The fact is that the second and partial account now for audit shows a balance of personal property for distribution. It is the primary fund for the payment of debts and the claim is presented in time. The learned court held that since the real estate is no longer subject to the debt and the present value of the personalty is insufficient to pay the claim in full, the estate should be considered insolvent and the claimant must therefore surrender the value of its mortgage under theUnited Security Trust Co. Case, 321 Pa. 276, 184 A. 106. If the unconverted personal property in the hands of the accountant will not realize sufficient cash to discharge the debt, the claimant is nevertheless entitled to have applied in discharge of it such balance as there is. Although the creditor omitted to present his claim at the audit of the first account and, by not continuing its lien, lost the opportunity to claim on decedent's real estate, those facts do not bar the right to have the presently distributable personalty applied to the claim whether sufficient to pay all or only part. The rule of the United Security Trust Company Case was designed to secure equality of distribution among competing creditors. This is a contest, not between two creditors, but between a single creditor and the legatees. The widow is not a creditor but a volunteer (compare Shannon v. Newton, 132 Pa. 375, 382,19 A. 138) and cannot require a reduction of the claim by the value of the mortgaged real estate conveyed to Rispoli. If the executor pays the claim, decedent's estate will be subrogated to appellant's right against the mortgaged land and, on the assumption referred to by the auditor, against Rispoli: compareNorthern Trust Co. v. Phila. Wholesale Drug Co., 333 Pa. 386,5 A.2d 193; Ruzyc v. Brown, 320 Pa. 213, 217, 181 A. 783. *Page 54
As was said at the argument, this seems to be a case where the real dispute is to determine who should complete the foreclosure begun by the sci. fa. sur mortgage.

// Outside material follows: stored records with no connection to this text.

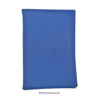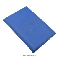 Hermes Sailor Tattoo Calvi Card Wallet - Blue/Grey Leather 100% Authentic - Money Back Guarantee ORIGINAL RETAIL BOX INCLUDED A RARE HERMES SAILOR’S TATTOO EDITION CALVI WALLET IN BLUE SWIFT LEATHER WITH A GREY CHEVRE LINING Condition Notes: Unused condition very minor signs of cosmetic wearpossible due to storage - "Sailor Tattoo" motif debossed at obverse - Vivid Blue Hydra Swift Calfskin - Gris Perle Chevre Mysore interior - 2 card compartments - Snap closure - Made in France Measures 3.3" long x 3.1" high FREE EXPRESS SHIPPING SHIPS WITHIN 24HR. HASSLE-FREE RETURNS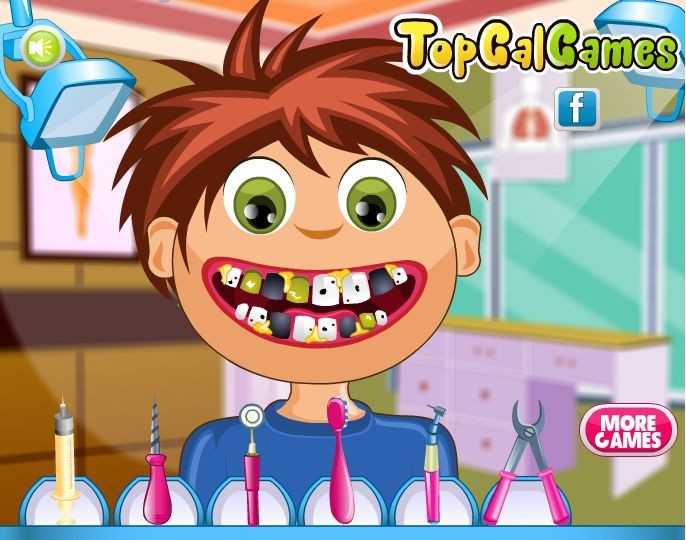 Tylko spójrz na zęby Joego. Z łatwością można stwierdzić, że coś z nimi nie tak. Joe zapewne znajdł za dużo słodyczy, a teraz cierpi.. Zabierz go do gabinetu i koniecznie wylecz jego zęby!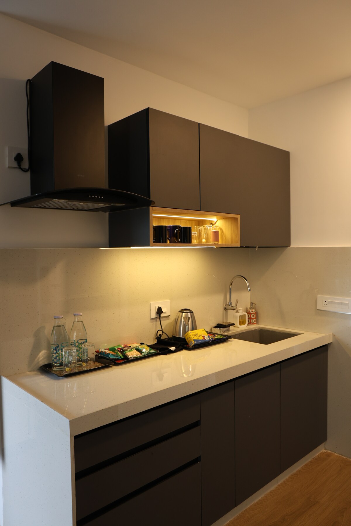 • Cómoda sala de estar: decoración moderna con una lujosa cama tamaño queen, un sofá y un rincón para comer. • Cocina totalmente equipada: perfecta para cocinar o disfrutar de un café por la mañana. • Servicios: wifi de alta velocidad, TV de pantalla plana y aire acondicionado. • Ubicación privilegiada: cerca del transporte público, tiendas y una vibrante vida nocturna. Ya sea que estés explorando las atracciones de Pune, saboreando la cocina local o simplemente relajándote, este estudio tiene todo lo que necesitas para una estancia inolvidable. ¡Reserva ahora para disfrutar de una escapada perfecta!

Decree reversed, record remitted for further proceedings; costs to be paid out of the fund for distribution.
1 "FOURTH All the rest, residue and remainder of my estate, of whatsoever nature and wheresoever the same may be situate, which consists principally of real estate, . . . I give, devise and bequeath unto my beloved wife, MARY SKOLNEK, for and during the period of her natural life, she to have and take the rents, issues and profits thereof with the full right and power to sell and consume the corpus thereof in whole or in part from time to time as and if she may need the same for her proper support and maintenance, and upon the death of my said wife, I give, devise and bequeath my said property and estate or such thereof as shall remain in the event that my said wife has consumed any part thereof for her necessary maintenance and support, to my beloved children and to the issue of my deceased child," naming them. Compare Powell's Estate, 340 Pa. 404.
2 The account was referred to an auditor August 4, 1938, and came on for audit August 30, 1938.
3 The facts as stated by the auditor and by the court are inconsistent in a number of details; these minor variations, however, are immaterial to the questions for consideration on this appeal.
4 Decedent's personal property was originally inventoried at $11,537.72 and the real estate was appraised for inheritance tax purposes at $22,655.00.